Implement your solution in the following function:

In [None]:
from pyomo.environ import ConcreteModel, Var, Objective, Constraint, SolverFactory
from pyomo.environ import Binary, RangeSet, NonNegativeReals

def LinearClassifier(Xs, Ys):
    # TO COMPLETE WITH YOUR MODEL
    return [1, -1, 0.5]


# HOW-TO TEST YOUR SOLUTION
A = LinearClassifier(Xs,Ys)  # <<<<============

print("Accuracy:", Accuracy(A, Xs, Ys))
print("Confusion Matrix:", Confusion(A, Xs, Ys))
PlotSolution(Xs, Ys, [1,-1,0.5])

## 2. Banknote fake classification
In this second exercise, you have to design a Linear Classifier to distinguish between original and fake banknote.

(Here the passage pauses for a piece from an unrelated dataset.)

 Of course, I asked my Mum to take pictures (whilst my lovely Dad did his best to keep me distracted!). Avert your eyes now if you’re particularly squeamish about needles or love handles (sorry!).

Each single banknote is first digitalized, and second, 4 features of each image are reported in the dataset. The 4 features that you can use are:

* Variance of Wavelet Transformed image (continuous)
* Skewness of Wavelet Transformed image (continuous)
* Curtosis of Wavelet Transformed image (continuous)
* Entropy of image (continuous)

Your are given a subset of 992 banknotes that you can use to train your model.

**GROUP CHALLENGE:** Design your best Linear Classifier which will achieve the best **accuracy** on a subset of 380 banknotes that you cannot have access to. 

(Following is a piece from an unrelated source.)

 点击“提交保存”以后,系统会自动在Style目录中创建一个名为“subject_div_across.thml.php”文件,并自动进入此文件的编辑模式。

**DATA:** The data about the banknotes is given via a csv file, with a row for each banknote. The first 4 fields of each row gives the features of the banknote, the last field, while gives a binary label: 0 or 1. You can parse the data with the following snippet.

In [None]:
# Run this command to import the dataset
!wget http://www-dimat.unipv.it/gualandi/opt4ds/banknote_train.csv

In [None]:
# Parse the training set
def ParseData(filename):
    fh = open(filename, 'r', encoding="utf-8")
    Xs = []
    Ys = []
    for line in fh:
        row = line.replace('\n','').split(',')        
        Xs.append( list(map(float, row[:-1])) )
        Ys.append( int(row[-1]) )
    return Xs, Ys  

# HOW-TO PARSE
Xs, Ys = ParseData('banknote_train.csv')
for i in range(5):
    print(Xs[i], Ys[i])

**Note:** You may want to split your data into training and test subsets, in order to verify how your model generalize to *unseen* data (but you are not forced to). In the later case, you can use the following code:

In [None]:
def SplitTrainTestSet(Xs, Ys, t=0.3):
    Ax, Al = [], []  # Train sets
    Bx, Bl = [], []  # Test sets
    
    np.random.seed(13)
    
    for x, y in zip(Xs, Ys):
        if np.random.uniform(0, 1) > t:
            Ax.append(x)
            Al.append(y)
        else:
            Bx.append(x)
            Bl.append(y)
            
    return Ax, Al, Bx, Bl

# HOW-TO USE A DATA SPLITTING
Ax, Al, Bx, Bl = SplitTrainTestSet(Xs, Ys)  

In [None]:
def LinearClassifierBank(Xs, Ys):
    # TO COMPLETE WITH YOUR DATA
    return []

**SUBMISSION:** Each group must submit a solution by Monday night, at the latest. Next Tuesday, each group will receive and will correct the solution of another group next Tuesday.  All the submitted classifier will be evaluated during the lecture, on Wednesday, 31st, by using the **unseen** validation dataset.